Unhealthy Interest
Dinosaur Mom Seal of Disapproval goes to Maryland Surgeons, who saw my mother-in-law on Monday, called on Tuesday to schedule her for surgery next week to remove her gall bladder, and then called me today to say – oops! – they don’t take Medicaid after all so they would have to cancel her surgery. This would have been a little easier to take if they hadn’t specifically told me earlier in the week that they did accept Medicaid and if it hadn’t come in the midst of poor Babushka having a gall bladder attack this afternoon, with me scrambling to get the kids handed off to my mom and Dino Spouse trying to get the doctor to give his mom some pain meds. Baba‘s primary care physician, who is looking more and more like a Seal of Approval candidate, is trying to shame Maryland Surgeons into reversing their decision; hopefully she will succeed before Dino Spouse has to break it to his mom that she’ll be stuck with that gall bladder longer than expected.

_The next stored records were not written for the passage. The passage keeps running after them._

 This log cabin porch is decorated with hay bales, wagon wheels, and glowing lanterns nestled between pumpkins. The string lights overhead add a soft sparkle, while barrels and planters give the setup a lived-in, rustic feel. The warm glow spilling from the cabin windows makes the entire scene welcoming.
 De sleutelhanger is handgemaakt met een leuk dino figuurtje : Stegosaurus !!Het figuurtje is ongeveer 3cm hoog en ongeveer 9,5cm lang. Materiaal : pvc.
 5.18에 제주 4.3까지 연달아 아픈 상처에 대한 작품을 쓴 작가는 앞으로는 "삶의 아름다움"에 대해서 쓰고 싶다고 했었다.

This leads me into something I started writing about a couple of weeks ago, which is my thoughts on health care reform. While I am trying to stay better informed on current events these days, I was slow to tune in on the legislative progress of Health Care Reform because I thought it would only annoy me. I am a big ol’ socialist, basically, and I don’t want some namby-pamby “public option” – I want the government to fund a national medical system, period.
After reading this book and having a lengthy discussion of the topic with my father over Thanksgiving weekend, however, I have become concerned about the terms of public debate. Patching together pieces of existing inadequate systems is not going to solve our country’s health care problems, but all the bills under discussion take that as their approach. The common threads that run through the whole crazy quilt now and under the proposed legislation are:
- Most of the money that gets paid to medical service providers in this country passes through the hands of private health insurance companies.

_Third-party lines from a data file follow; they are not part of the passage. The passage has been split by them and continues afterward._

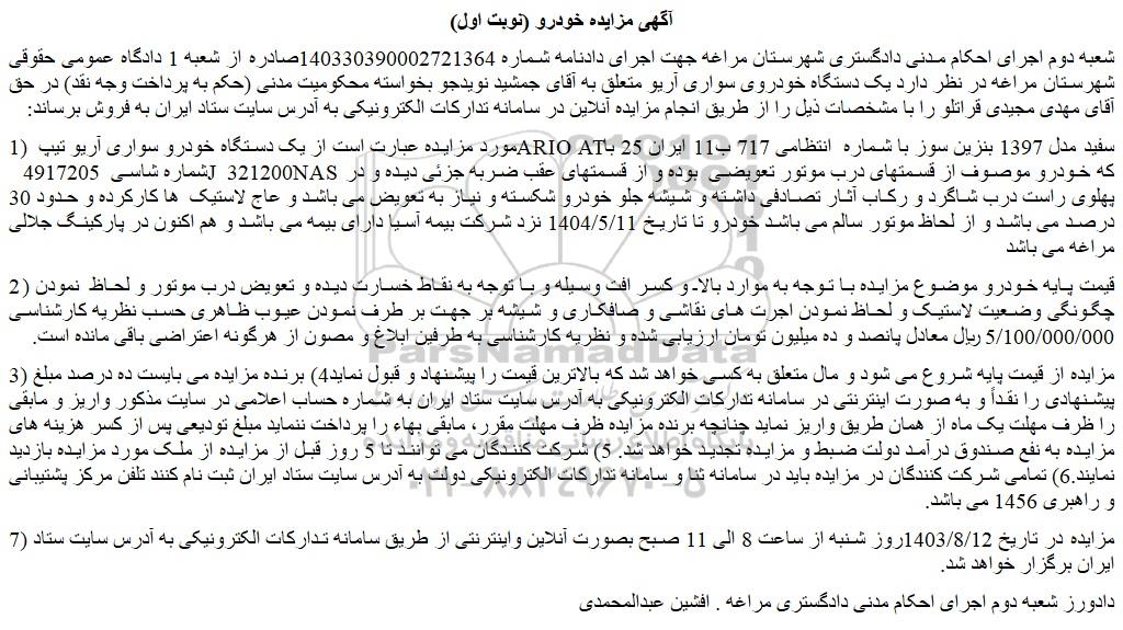 شعبه دوم اجرای احکام مدنی دادگستری شهرستان مراغه جهت اجرای دادنامه شماره 140330390002721364صادره از شعبه 1 دادگاه عمومی حقوقی شهرستان مراغه در نظر دارد یک دستگاه خودروی سواری آریو متعلق به آقای جمشید نویدجو بخواسته محکومیت مدنی (حکم به پرداخت وجه نقد) در حق آقای مهدی مجیدی قراتلو را با مشخصات ذیل را از طریق انجام مزایده آنلاین در سامانه تدارکات الکترونیکی به آدرس سایت ستاد ایران به فروش برساند:
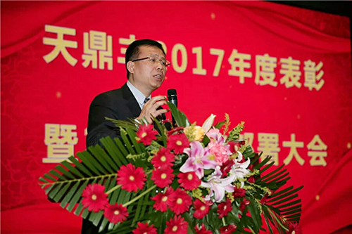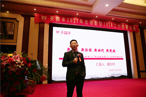 天鼎豐董事長兼總經(jīng)理聶松林作“新未來·新征程·新時代·新突破”主題報告,他對天鼎豐公司2017年生產管理、市場銷售、人力資源、綜合管理等工作進行了總結匯報,并對2018年工作作出部署。
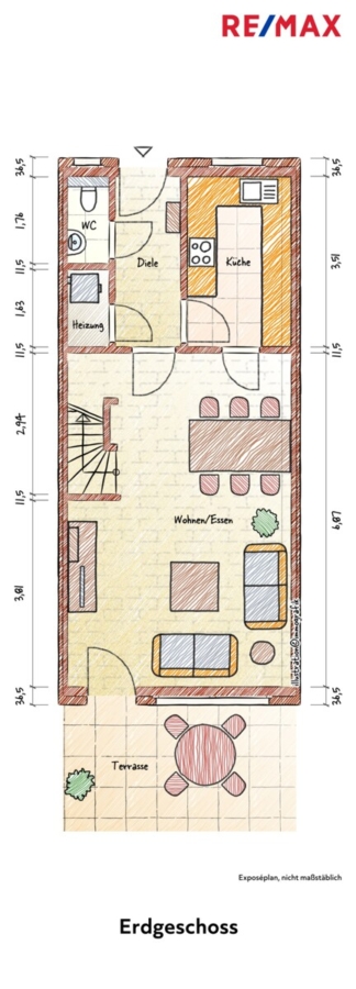 Im Erdgeschoss finden Sie einen geräumigen Wohn-/Essbreich (mit Zugang zur Terrasse/Garten), die Küche, sowie ein Gäste-WC und eine praktische Abstellkammer.

- It costs more to become and be a doctor in the U.S. than anywhere else in the world.
- Medical service providers let their business practices be dictated by health insurance and malpractice insurance providers instead of proactively developing industry best practices and standards.
As I understand it, hospitals and doctors established the first health insurance plans in the 1930s along the same lines that we know prepaid legal plans or auto insurance today. Then employers started offering health insurance to circumvent post-WW2 wage caps. Then Medicaid and Medicare – both run through private health insurance providers – came on line in the mid-1960′s. Up until that time, most medical service providers were independent medical practices and government or charitable hospitals and clinics. When governments started running out of money in the 1970′s, the push to privatize hospitals and clinics started. Come to think of it, that’s about the time the federal government tightened up on higher education grants and lending, too, which contributes to the increase in the cost of getting a medical education since the mid-1960s.

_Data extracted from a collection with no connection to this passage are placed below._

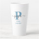Tasse Latte Papa Élégant Script Monogramme Bleu Blanc Latte Mu
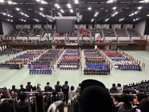 たかおかアリーナ京都で開会式が行われました。開会式前には、千葉県高等学校体育連盟様がお忙しいなか、激励のため開会式会場までお越しくださいました。 本校のオーダーは以下のとおりです。
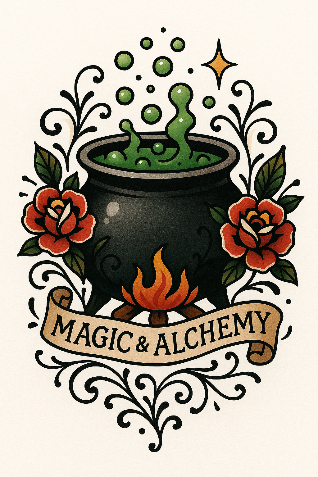/Collection: /by davooda/Type: PNG/A vibrant and whimsical illustration featuring a black cauldron with bubbling green liquid, surrounded by decorative floral elements. Ideal for fantasy-themed decor or merchandise.
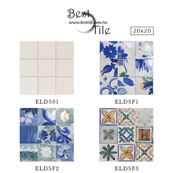 ELDS01 - 珍珠白 ELDSF1 - 花磚 A 圖 案 隨 機 出 貨 ELDSF2 - 花磚 B 圖 案 隨 機 出 貨 ELDSF3 - 花磚 C 圖 案 隨 機 出 貨 ▲手工花磚、精緻花磚、典雅花磚,水泥花磚、拼圖花磚、玄關花磚、地毯花磚、幾何花磚,立體花磚、歐式古典花磚、西班牙鄉村花園。

No one blames Geico for the high cost of auto repair. There again, you can take your car to the garage and get it serviced without showing proof that you have insurance or means to pay for the repair up front. If your mechanic got most of his payments through Geico, however, he would soon develop a price structure targeted to what Geico would pay out for specific types of repair, and his interest in serving customers without Geico coverage would plummet.
Maybe if doctors and other medical practitioners took a fresh look at what they need as an industry to do their work humanely, cost-effectively, and safely …
Maybe if the government stopped trying to tweak the existing, broken system and took a fresh look at what The State’s legitimate interest in the health and welfare of its citizens really is and how best to serve that interest …
Maybe if the public stopped looking at health care as a commercial service and started looking at it as a public good along the lines of, say, interstate highways … after all, no one complains about funding freeways on the grounds that illegal aliens might use them or that people might use them for immoral purposes.
I have pontificated long enough.
Look at the French model! But because MD’s are paid civil servant wages and because, well it’s French for goodness sake, likely a non-starter politically…
I applaud your initiative in trying to understand this debate. I’m afraid I haven’t been similarly inspired to do so. (I just feel guilty because I don’t understand it — though I did call my congresspeople to urge them not to fund abortions, at the urging of my Focus on the Family friends). Now, could you please explain what the ‘public option’ is — because I confess to having no clue.
They better not charge you for the consult…
Oh, do not think for one minute that in border country they begrudge undoc aliens the use of public motorways.
I lived in England for several years and had to use their national health care system and it was the butt of many, many jokes. It wasn’t very good, certainly not near the quality we have in the USA. Remember free health care isn’t free!